Medicare recipients sent to an emergency room for an injury or illness that is non-life threatening might be held for several hours without being formally admitted.

If that patient is then referred to a skilled nursing home or rehab facility, costs there can easily run into the thousands of dollars, but Medicare will not cover the nursing home expenses or the cost of rehabilitation.

Keith Lind, Senior Policy Advisor for AARP’s Public Policy Institute explained, to qualify for nursing home or rehab coverage by Medicare you have to receive at least 3 days of inpatient care at the hospital.

“If you go to the emergency room and you either stay in the emergency room, or are under observation as an outpatient, but are not admitted as an inpatient–no matter how long you are there–it does not count toward the 3-day inpatient stay required for coverage of a skilled nursing facility.”

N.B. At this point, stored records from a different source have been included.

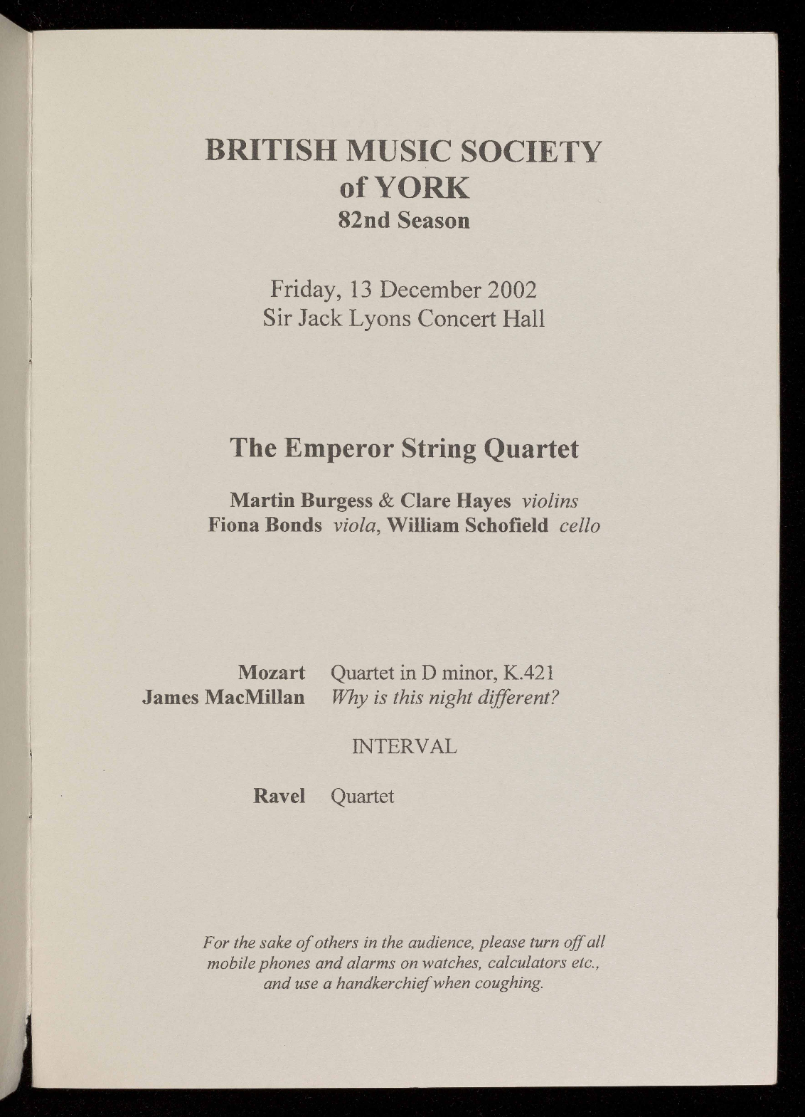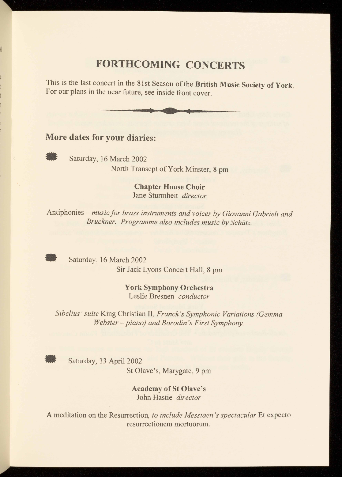 Society and an updated list of forthcoming concerts. If you haven't found it
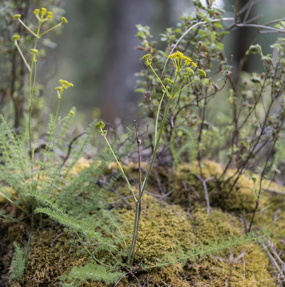 Untere Blätter 10 - 25 cm lang, 1 - 3 cm breit lang, 3 -fach gefiedert, fein zerschlitzt
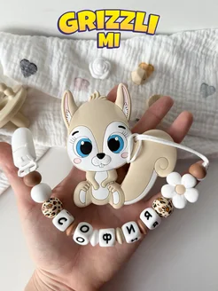 Именной держатель для соски прорезыватель Алиса Лисёнок
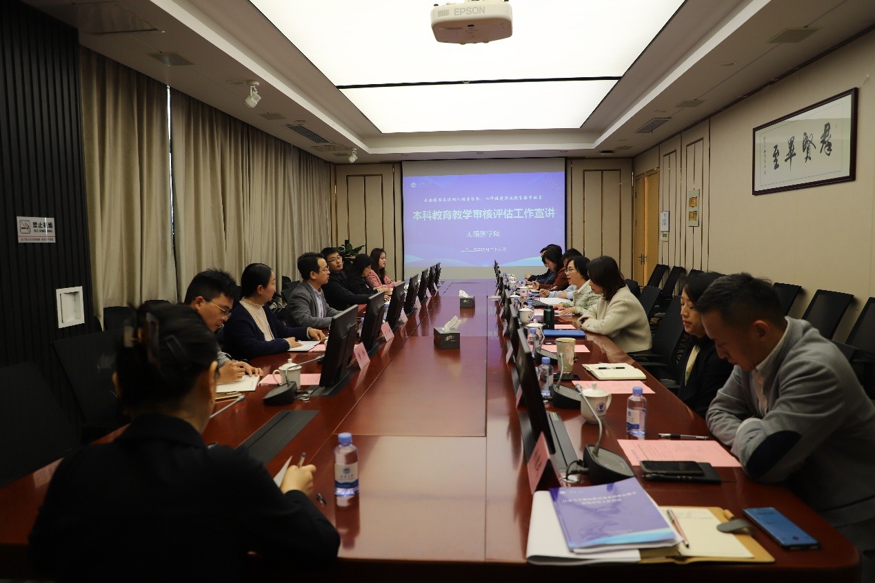 审核评估工作方案及工作进展,从文件依据、工作思路、工作进展、核心指标梳理情况和工作基础等方面进行了介绍。根据学校本科教育教学评估工作的统一部署,学院成立了以院长、书记为组长的工作领导小组,并组建了工作办公室,以及材料组、教学条件建设组、学风建设组和督察组等四个专项工作小组。学院将结合临床医学专业认证相关工作,突出医学本科教育教学特色和优势,高质量完成本科教育教学审核评估各项工作。
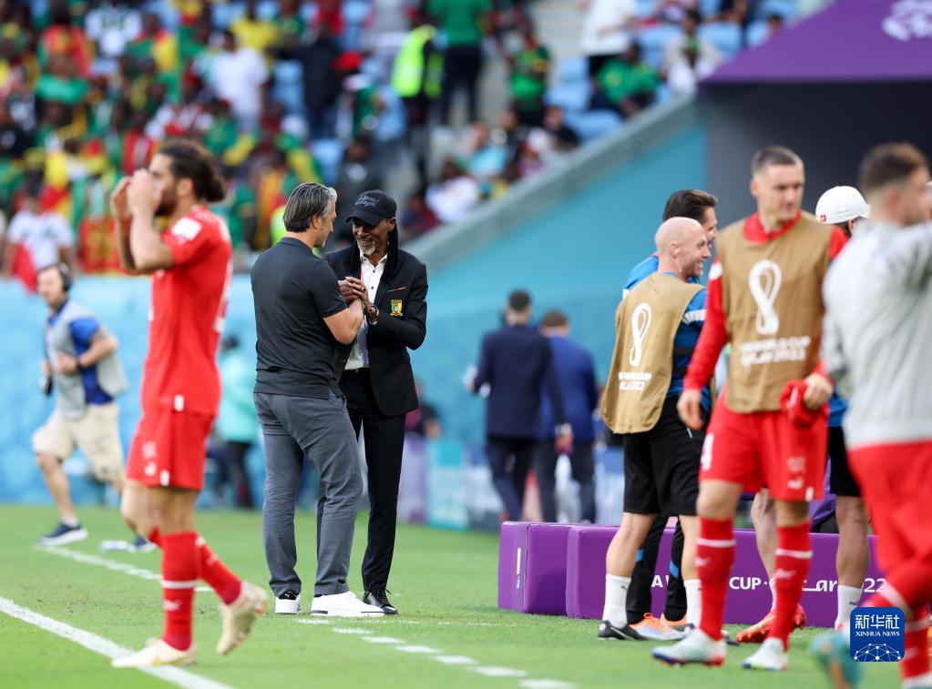 11月24日,喀麥隆隊主教練里格貝特·宋與瑞士隊主教練穆拉特·亞金在賽后相互致意。

Lind also pointed out another shortcoming of that loophole, if a Medicare recipient is only under observation, rather than inpatient, they will be responsible for a 20% co-pay of any prescriptions or pills they get through Medicare Part B.

Now, a new federal law, the Notice of Observation Treatment and Implication for Care Eligibility Act, requires hospitals to notify Medicare patients beginning in January if they are receiving outpatient treatment, so they can discuss the options with their doctor.

“It is very difficult for a patient to know–they are sick, they are under stress. The family may or may not know what is going on, they may or may not know whether they are going to need rehab care, or skilled nursing care after the hospitalization. It is a very awkward position for a patient to be in.”

Medicare officials estimate hospitals will be issuing about one-and-a-half million of these new notices a year. Lind said, AARP has offered a proposal that would credit outpatient time toward the inpatient period for the purpose of Medicare coverage, but this new measure is an important step forward.